▸ **Exercise aim**: Pictures excluded, reproduce exactly the lines below from the one with "ÀüÁ¶ÇÕ¿ø ¼¸í¿îµ¿ÀÇ °Ç" through the one with "这两幅图分别是莫兰迪不同时期的作品,哪一种色彩更会让你产生平和、静谧的感觉呢?", both included.

▸ **Information supplied**:
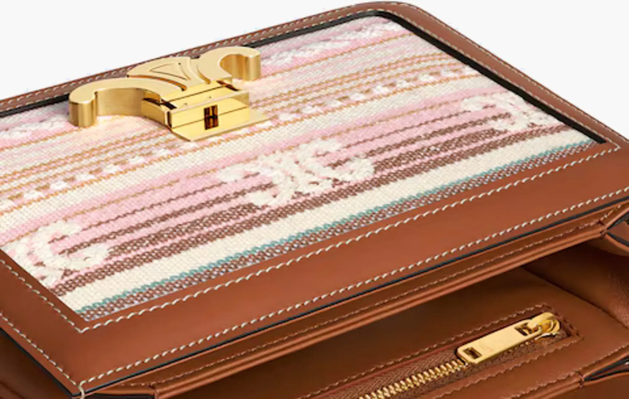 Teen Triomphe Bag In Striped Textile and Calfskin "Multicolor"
==
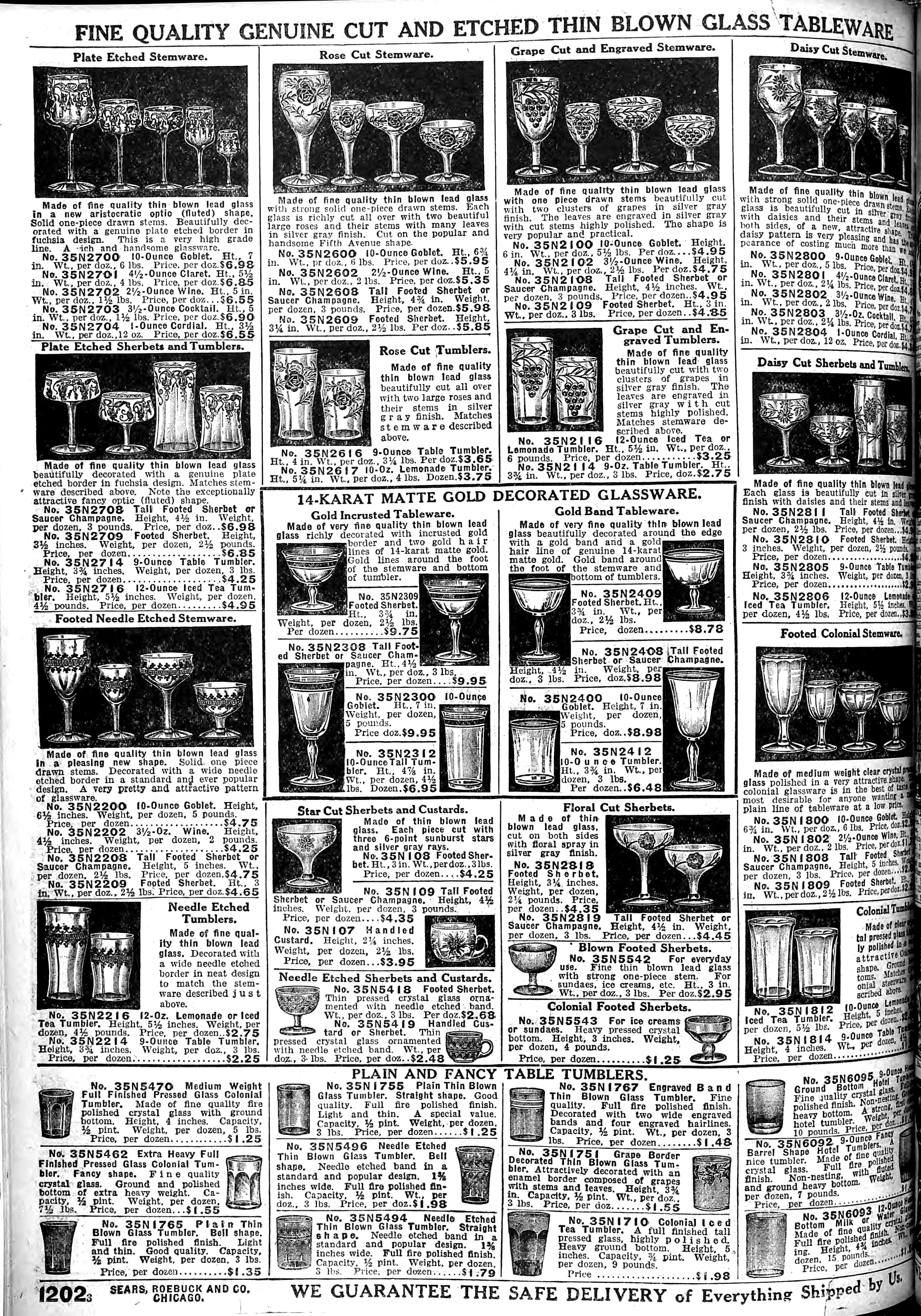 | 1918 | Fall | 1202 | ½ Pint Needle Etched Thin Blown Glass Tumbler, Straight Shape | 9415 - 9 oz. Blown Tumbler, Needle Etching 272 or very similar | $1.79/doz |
* * *
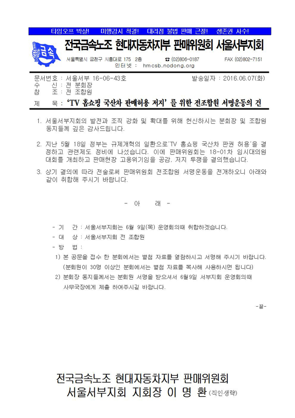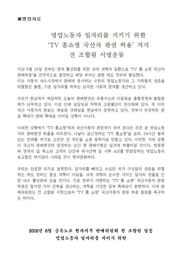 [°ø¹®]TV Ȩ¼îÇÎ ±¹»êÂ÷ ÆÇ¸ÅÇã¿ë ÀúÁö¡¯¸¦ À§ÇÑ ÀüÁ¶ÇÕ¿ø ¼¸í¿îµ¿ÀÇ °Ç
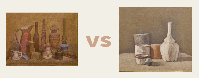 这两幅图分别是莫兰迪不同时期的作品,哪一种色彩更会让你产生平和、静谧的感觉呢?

▸ **Written answer**:
 [°ø¹®]TV Ȩ¼îÇÎ ±¹»êÂ÷ ÆÇ¸ÅÇã¿ë ÀúÁö¡¯¸¦ À§ÇÑ ÀüÁ¶ÇÕ¿ø ¼¸í¿îµ¿ÀÇ °Ç
 这两幅图分别是莫兰迪不同时期的作品,哪一种色彩更会让你产生平和、静谧的感觉呢?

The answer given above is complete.